また,被害者との示談交渉は,前の弁護人が既に開始していたため,被害者の方に無用の混乱を生じさせないよう,引き続き前の弁護人に依頼し,最終的には示談を成立させていただきました。

 事件が家庭裁判所に送られた後は,弁護士が息子様と頻繁に面会し,どうしてこのような事件を起こしてしまったのか,今後どのように生活をすれば再非行をせずに済むのかを一緒に考え,最終的な少年審判の結果を左右する家庭裁判所調査官の調査に備えました。
 また,少年事件では,事件を起こした本人だけでなく,ご両親も家庭裁判所調査官による調査を受けます。
ですので,調査の前に,調査で尋ねられる内容や,その際の受け答えなどを打合せし,準備をしたうえで調査に臨むことができました。

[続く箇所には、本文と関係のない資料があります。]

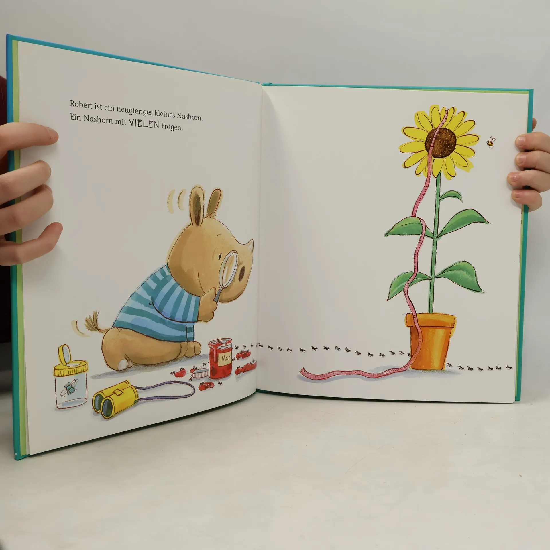 Robert ist ein neugieriges kleines Nashorn. Rund um die Uhr fragt er seinen Eltern Löcher in den Bauch - „WARUM klebt Matsch so?“ „WARUM krümelt Toast?“ „WARUM gehen Sachen kaputt, wenn sie runterfallen?“ Da haben seine Eltern eine vortreffliche Idee: Ein Museumsbesuch müsste die viele Fragerei doch stoppen! Aber sie haben die Rechnung leider ohne ihr Nashörnchen gemacht … Ein charmantes und witziges Bilderbuch für alle, deren Kinder auch so gerne WARUM? fragen!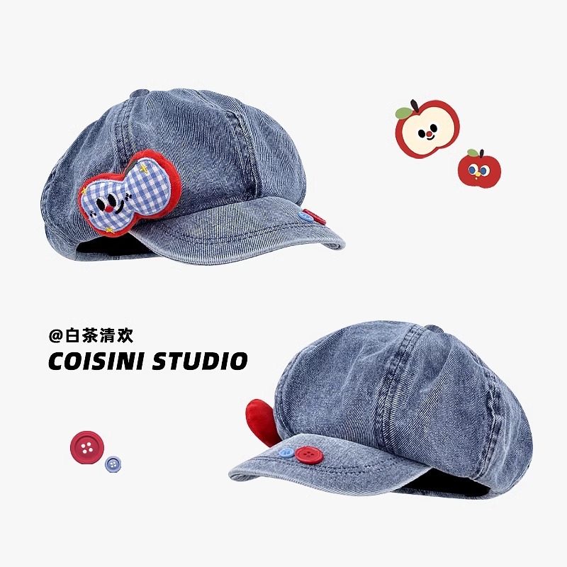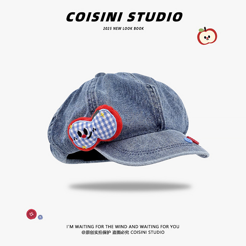 小衆のアップルボタンデニムベレー帽韓系は甘くて可愛いです。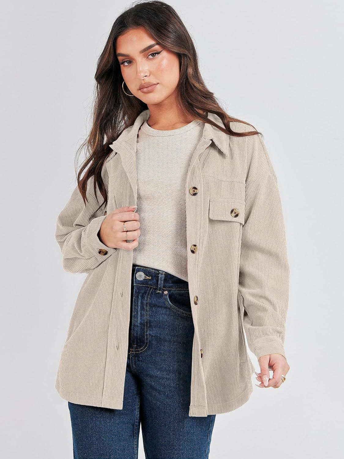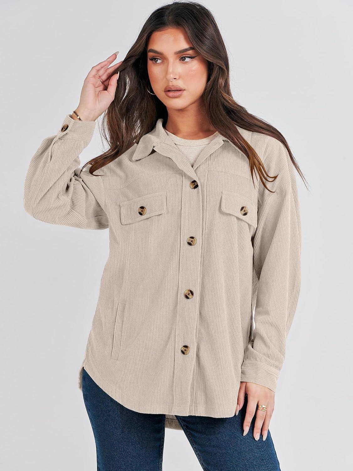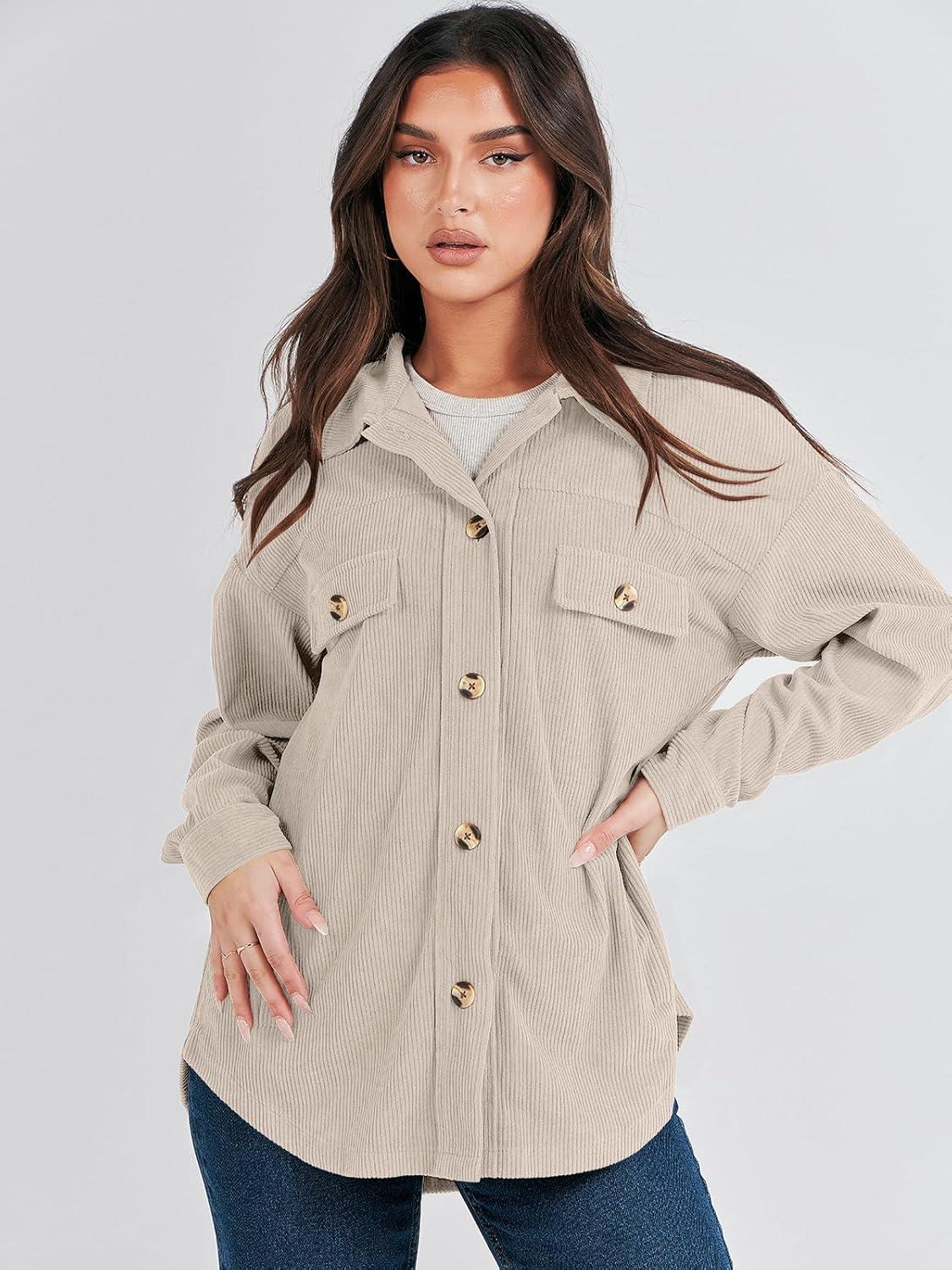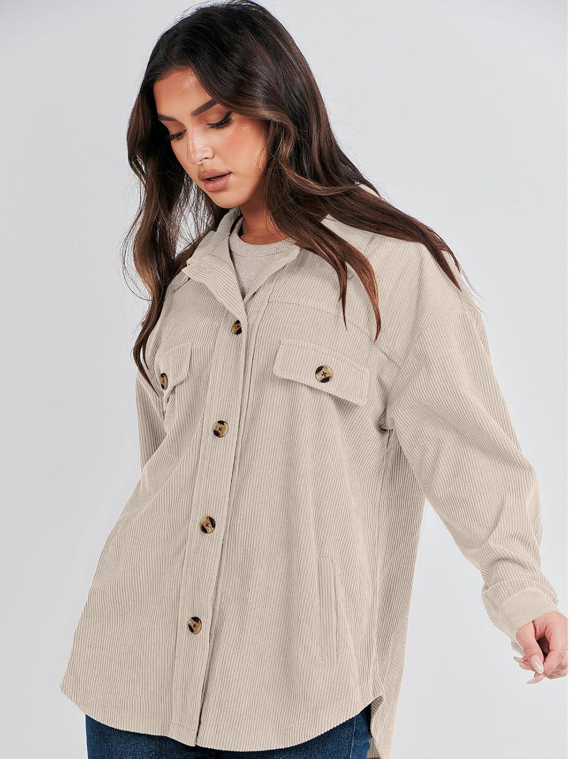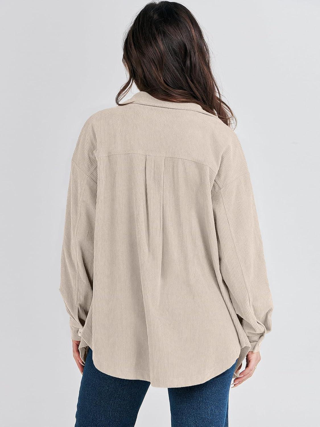 ANRABESS Womens Corduroy Shacket Button Down Shirts Oversized Long Sleeve Casual Cardigan Jacket 2025 Fall Fashion Clothes(Beige)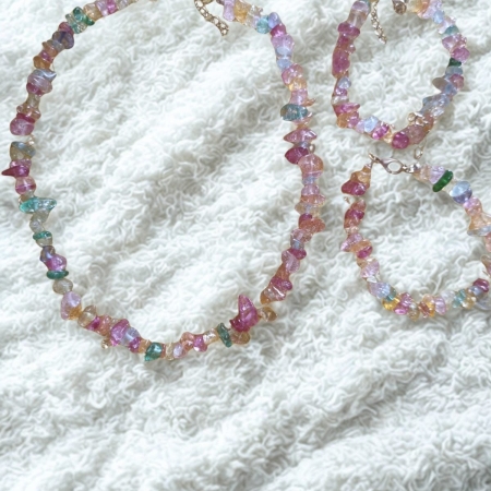 • Kit Choker & Pulseiras Cascalho Colorido Natural 🌈✨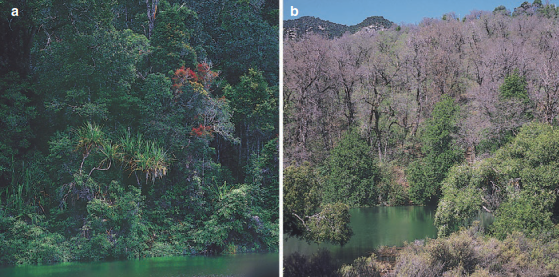In closed stands, the presence of strata of different heights caused by different life forms, intertwining with lianas, as well as standing or lying dead woody debris, increases structural diversity (Fig. 20.5). In addition, the architecture of the canopy can differ widely depending on the different growth forms of the plants. Such structures, in turn, provide habitat for many other organisms like birds, insects, epiphytes and lichens. According to the resource heterogeneity hypothesis and niche theory (Huston 1979) (Sect. 19.3), a larger variety of resources provide niches for other organisms with distinct requirements for habitat, food or environmental conditions.

 審判では,起訴事実についてはすべて認め,息子様が反省していることや,ご両親が今後も支えることや,専門的なカウンセリングを受講することなどを主張し,保護観察処分の獲得を目指しました。
 最初の審判では,結論を決めるには時期尚早とのことで,試験観察となりました。試験観察中も,弁護士が息子様やご家族と一緒にカウンセリング施設に赴いたり,定期的に息子様と面談するなどして,最終的な審判に備えました。
 
 2度目の少年審判では,上記のような息子様の努力や,ご家族の支えが評価され,無事保護観察処分を得ることができました。

 息子様は,この事件で保護観察処分となり,社会復帰を許されたことから,二度と同じことをしないよう誓い,
新たな生活を歩んでおられます。